Now, compared to other current artists who are filed under R&B, Keys is great, and her albums are by far superior to the glut of CDs that have one catchy single designed to be a ringtone and an assortment of commercial filler tracks.
We know Keys can play the piano, we know she has talent (perhaps even overflowing), but that skill only shows itself in flashes on her studio CDs. If she weren't Keys, or if this were her first, then perhaps it would receive a 3 or 4 star.
For while it feels as if "As I Am" has more strong tracks than her previous two albums, listening to her new set of songs, it's hard to shake the nagging feeling that Keys can do better, much better.
Every song could be a winner -- and there are a number of winners here, including "No One," "Like You'll Never See Me Again," and "Lesson Learned."
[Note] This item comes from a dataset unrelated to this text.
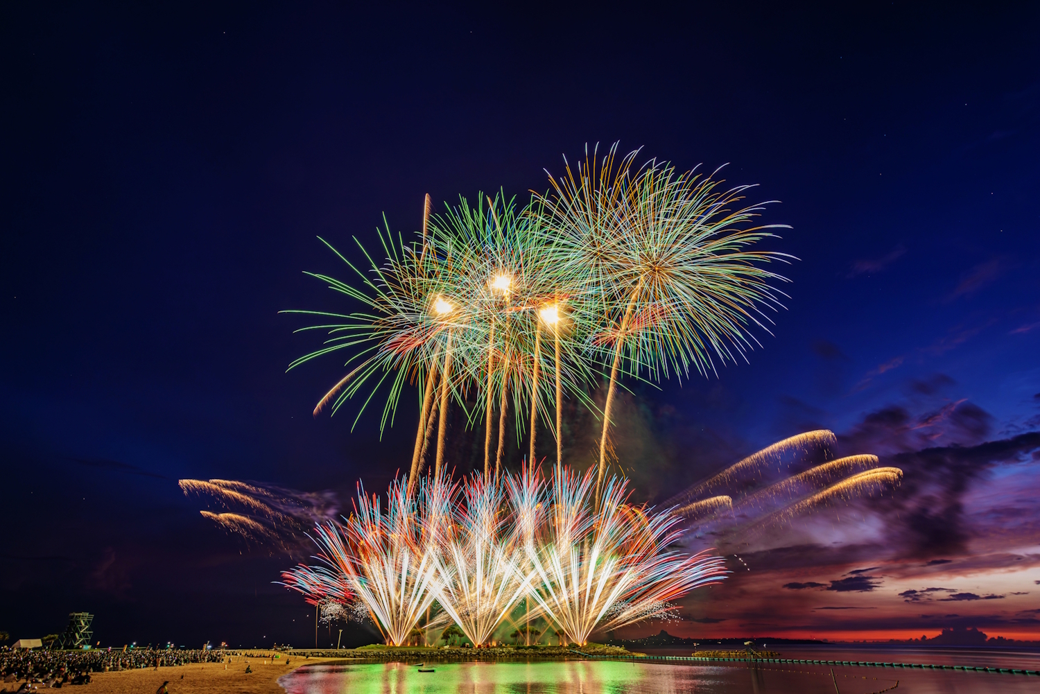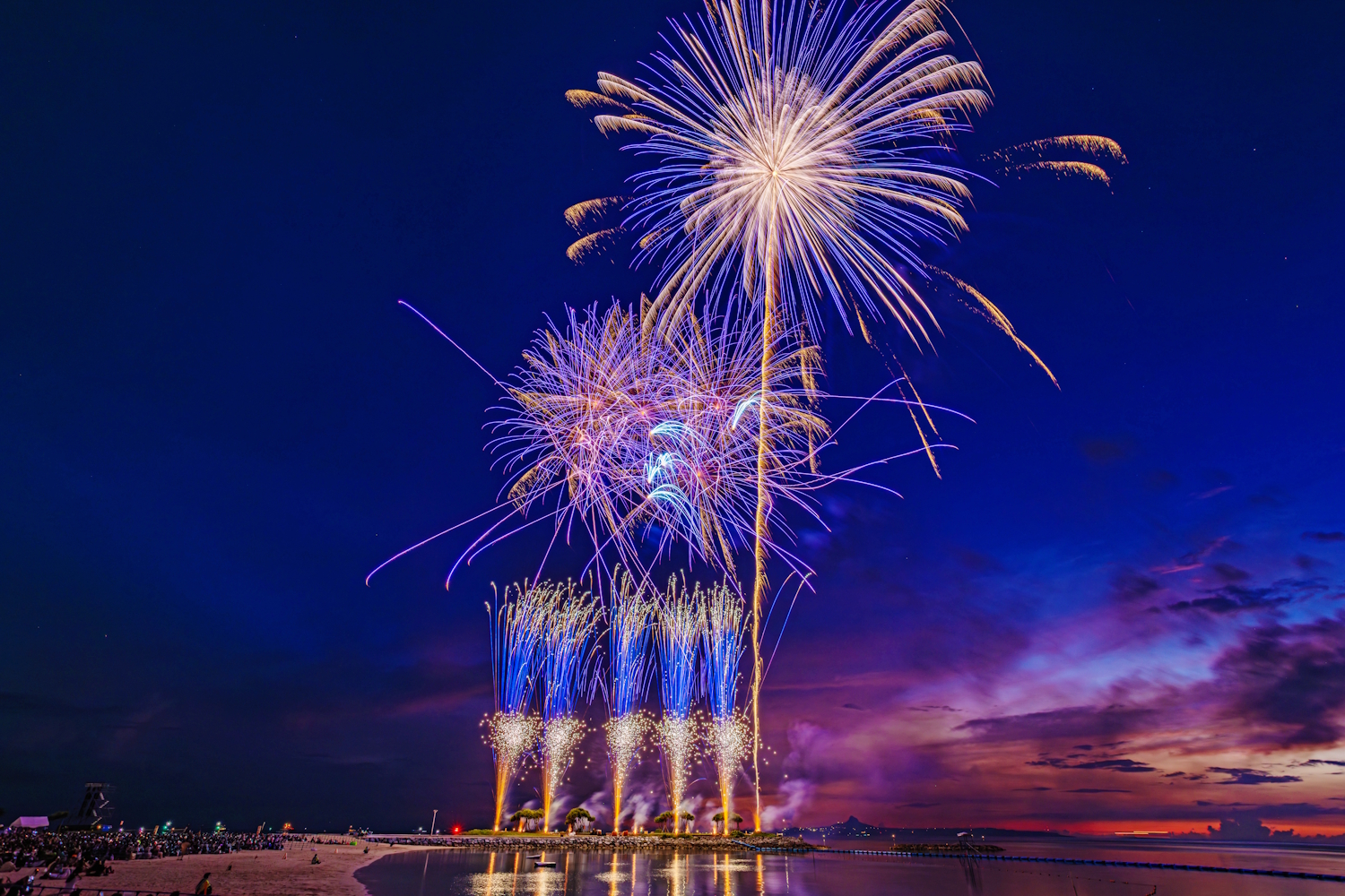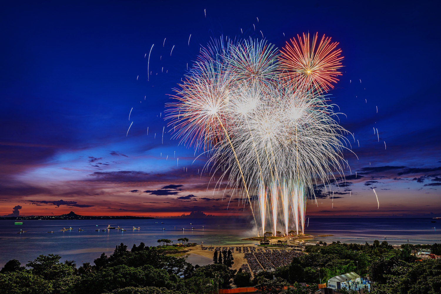 毎年恒例の海洋博公園花火大会!渋滞必須の一大イベントなので、バスツアーがらくちんです♪

But, whether it's her musical choice, or that of her producers and/or label, Keys makes commercial concession that keep the remaining songs from being in that same winning arena.
Like Keys herself, songs such as "The Thing About Love" are on the edge of greatness, looking up, but instead they slide down slowly, away from the top.
"Love" shows some old-school roots, starting out as what may sound like an interesting foray into music's past, but, in a society which still has "American Idol" when she tries to get powerful, it's hard not to think of the overbloated, overemoting contestants who come from the Whitney Houston school of singing, who seem to think that singing high and loud and hitting high notes is substitution for passion.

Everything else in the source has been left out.